Piling on to the observations made by Victoria-

Early onset dementia is a special kind of hell for couples and families. It robs the PWD and their spouse of the golden years to which they looked forward. For the children, it complicates their launch into an independent adulthood with the anticipatory grief that mom won't be mother-of-the-bride or a doting grandmother. 

If your dad has not sat down with a CELA, he should. There are very likely strategies that could qualify him as a community spouse while your mom qualifies for Medicaid. Assumptions and word-of-mouth do not replace solid legal advice. 

When your dad made the promise to care for mom at home, there is no way he could appreciate what he was taking on. He was at least 6 years younger. Even if he'd been a hands on caregiver for a parent w/dementia, the experience is not the same as when it's your life partner. Perhaps he needs "permission" to place her.

I had something similar with my own parents; my mother was hell-bent to keep dad at home. For her it was a combination of societal/dad's brother's expectations that a wife would "take care of her own". She also was very mindful that placement had the potential to impoverish her as dad had squandered much of their nest egg earlier in the disease. But she was miserable, the relentless nature of caregiving prevented her from taking care of her own health and given dad's personality he wasn't willing to accept care from her most days.

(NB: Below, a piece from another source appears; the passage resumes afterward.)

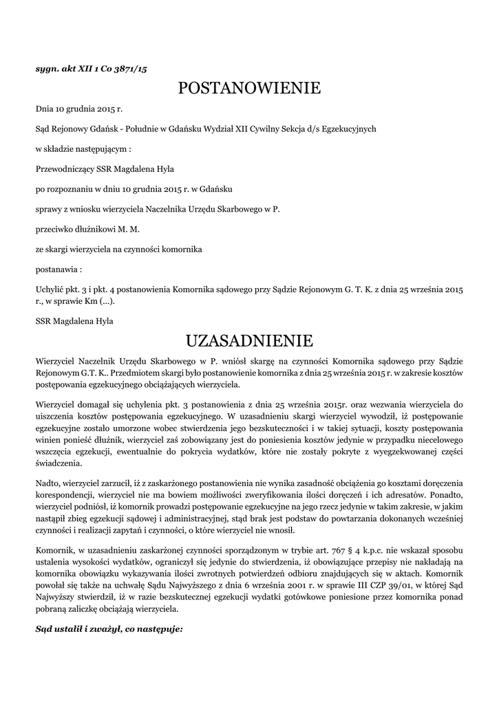sygn. akt XII 1 Co 3871/15 POSTANOWIENIE Dnia 10 grudnia 2015 r. Sąd Rejonowy Gdańsk - Południe w Gdańsku Wydział XII Cywilny Sekcja d/s Egzekucyjnych w składzie następującym : Przewodniczący SSR Magdalena Hyla po rozpoznaniu w dniu 10 grudnia 2015 r. w Gdańsku sprawy z wniosku wierzyciela Naczelnika Urzędu Skarbowego w P. przeciwko dłużnikowi M. M. ze skargi wierzyciela na czynności komornika postanawia : Uchylić pkt. 3 i pkt. 4 postanowienia Komornika sądowego przy Sądzie Rejonowym G. T. K. z dnia 25 września 2015 r., w sprawie Km (...). SSR Magdalena Hyla UZASADNIENIE Wierzyciel Naczelnik Urzędu Skarbowego w P. wniósł skargę na czynności Komornika sądowego przy Sądzie Rejonowym G.T. K.. Przedmiotem skargi było postanowienie komornika z dnia 25 września 2015 r. w zakresie kosztów postępowania egzekucyjnego obciążających wierzyciela. Wierzyciel domagał się uchylenia pkt. 3 postanowienia z dnia 25 września 2015r. oraz wezwania wierzyciela do uiszczenia kosztów postępowania egzekucyjnego. W uzasadnieniu skargi wierzyciel wywodził, iż postępowanie egzekucyjne zostało umorzone wobec stwierdzenia jego bezskuteczności i w takiej sytuacji, koszty postępowania winien ponieść dłużnik, wierzyciel zaś zobowiązany jest do poniesienia kosztów jedynie w przypadku niecelowego wszczęcia egzekucji, ewentualnie do pokrycia wydatków, które nie zostały pokryte z wyegzekwowanej części świadczenia. Nadto, wierzyciel zarzucił, iż z zaskarżonego postanowienia nie wynika zasadność obciążenia go kosztami doręczenia korespondencji, wierzyciel nie ma bowiem możliwości zweryfikowania ilości doręczeń i ich adresatów. Ponadto, wierzyciel podniósł, iż komornik prowadzi postępowanie egzekucyjne na jego rzecz jedynie w takim zakresie, w jakim nastąpił zbieg egzekucji sądowej i administracyjnej, stąd brak jest podstaw do powtarzania dokonanych wcześniej czynności i realizacji zapytań i czynności, o które wierzyciel nie wnosił. Komornik, w uzasadnieniu zaskarżonej czynności sporządzonym w trybie art. 767 § 4 k.p.c. nie wskazał sposobu ustalenia wysokości wydatków, ograniczył się jedynie do stwierdzenia, iż obowiązujące przepisy nie nakładają na komornika obowiązku wykazywania ilości zwrotnych potwierdzeń odbioru znajdujących się w aktach. Komornik powołał się także na uchwałę Sądu Najwyższego z dnia 6 września 2001 r. w sprawie III CZP 39/01, w której Sąd Najwyższy stwierdził, iż w razie bezskutecznej egzekucji wydatki gotówkowe poniesione przez komornika ponad pobraną zaliczkę obciążają wierzyciela. Sąd ustalił i zważył, co następuje: Komornik sądowy przy Sądzie Rejonowym G. T. K. prowadził, pod sygnaturą akt Km (...) postępowanie z wniosku wierzyciela Naczelnika Urzędu Skarbowego w P. przeciwko dłużnikowi M. M.. Postępowanie zostało wszczęte wskutek rozstrzygnięcia zbiegu egzekucji sądowej i administracyjnej. W aktach sprawy brak odpisu orzeczenia rozstrzygającego zbieg. Na skutek rozstrzygnięcia zbiegu – egzekucję prowadził początkowo Komornik przy Sądzie Rejonowym d. W. M. K., który, następnie, postanowieniem z dnia 17 stycznia 2014 r. przekazał sprawę Komornikowi przy Sądzie Rejonowym G., także, na skutek rozstrzygnięcia zbiegu egzekucji. Komornik przy Sądzie Rejonowym G. H. K. (obecnie, po zmianie osoby komornika komornik T. K.), po przejęciu sprawy do prowadzenia, powiadomił strony postępowania oraz Zakład Ubezpieczeń Społecznych, jako trzeciodłużnika, o przejęciu egzekucji. Nadto, komornik udzielił pisemnej odpowiedzi na pytanie wierzyciela co do podejmowanych w sprawie czynności (pisma komornika z dnia 16 września 2014 r. , 20 listopada 2014 r. i 3 grudnia 2014 r.). Pismem z dnia 24 czerwca 2015 r. komornik wysłuchał strony postępowania w trybie art. 827 k.p.c. ( w aktach Km (...) brak dowodu doręczenia wysłuchania dłużniczki), a następnie, postanowieniem z dnia 25 września 2015 r. orzekł o umorzeniu postępowania wobec stwierdzenia jego bezskuteczności (pkt. 1 zaskarżonego postanowienia). W pkt. 3 postanowienia komornik ustalił koszty postępowania na kwotę 54,96 zł, obciążył tymi kosztami dłużnika, oraz orzekł o obowiązku ich zwrotu na rzecz wierzyciela. W pkt. 4 komornik wezwał wierzyciela do uiszczenia na rzecz komornika kwoty 46,93 zł. W uzasadnieniu postanowienia wskazano, iż kwota 54,96 zł to koszty doręczania korespondencji, zaspokojone przez dłużniczkę do kwoty 8,03 zł. Na pokrycie wydatków komornik nie żądał od wierzyciela wpłacenia zaliczki. Zdaniem Sądu, skarga wierzyciela jest uzasadniona. Przede wszystkim zasadny jest zarzut skargi, dotyczący wysokości ustalonych kosztów (wydatków). Jak słusznie podniósł wierzyciel, nie da się ustalić, w oparciu o zaskarżone postanowienie, ani sposobu ustalenia wydatków przez komornika, ani ich celowości. Wprawdzie, obowiązujące przepisy, nie nakładają na komornika obowiązku szczegółowego wymienienia w orzeczeniu ilości wysłanej korespondencji, ani też podania zastosowanej stawki za każde z doręczeń, jednakże w sytuacji, gdy rozstrzygnięcie w tym zakresie zostaje objęte skargą i oczywistym jest, że rodzi wątpliwości strony kosztami obciążonej, zasadnym jest jednak sporządzenie przez komornika szczegółowego zestawienia pozwalającego zarówno stronie, jak i sądowi, na zweryfikowanie prawidłowości tych wyliczeń. Tymczasem, komornik, w uzasadnieniu zaskarżonego postanowienia sporządzonym w trybie art. 767 § 4 k.p.c., nie wskazał ilości dokonanych doręczeń, ani adresatów wysłanych przesyłek, ani nie wskazał operatora pocztowego, który doręczenia realizował, uniemożliwiając tym samym zweryfikowanie przyjętych stawek za wykonanie tych doręczeń. Z tych zatem względów, zaskarżone orzeczenie jest wadliwe. Wątpliwości budzi także zastosowana przez komornika zasada obciążenia tymi samymi kosztami jednocześ
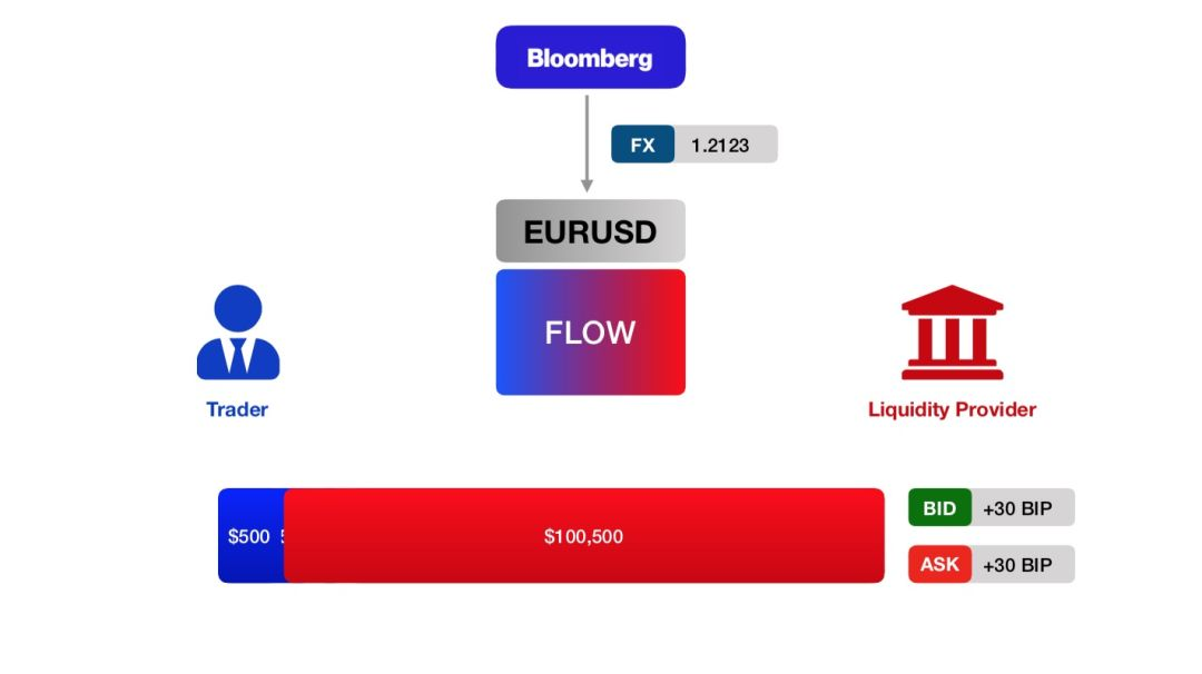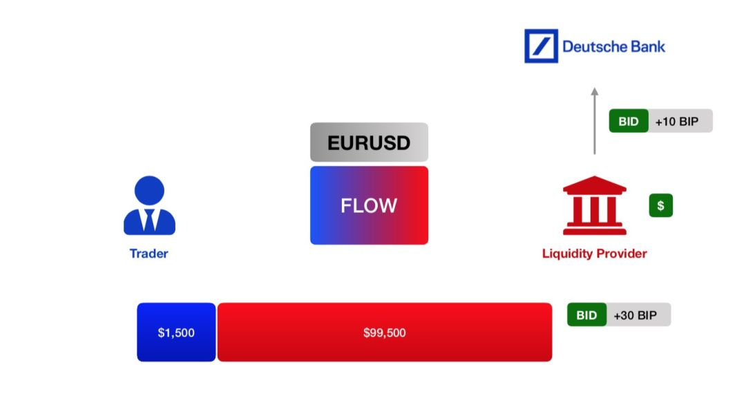 答案是在真实世界中,一个成熟的交易市场,流动资金提供者来获取这种流动性并不难。比如,欧元美元市场是一个每天以兆位计算单位计量的交易市场,因此,作为流动资金提供者,他们能够在当前的传统金融机构中获取这种流动性,并且能够以负担得起的方式来获取,流动资金提供者能因此获取一些价差。

I had to advocate strongly for placement. She was ready to cry "uncle", she just needed someone to tell her she wasn't a monster and that it was possible he'd get better care from a professional team that was well rested. FTR- the MC staff was wonderful with him and he cooperated taking his meds, showering and eating. I did all of the planning to make the move possible; there is no way I would have stepped in as hands-on caregiver, so I had a shovel-ready Plan B in my back pocket if there had been a crisis sooner. In retrospect, I wish I had pushed harder and sooner.

HB

loveskitties

As for medications, can you write on the lid of the bottle the times she is to get the meds?  Then if you are there or not dad will know what times.  Might be easier for dad than getting out the sheet.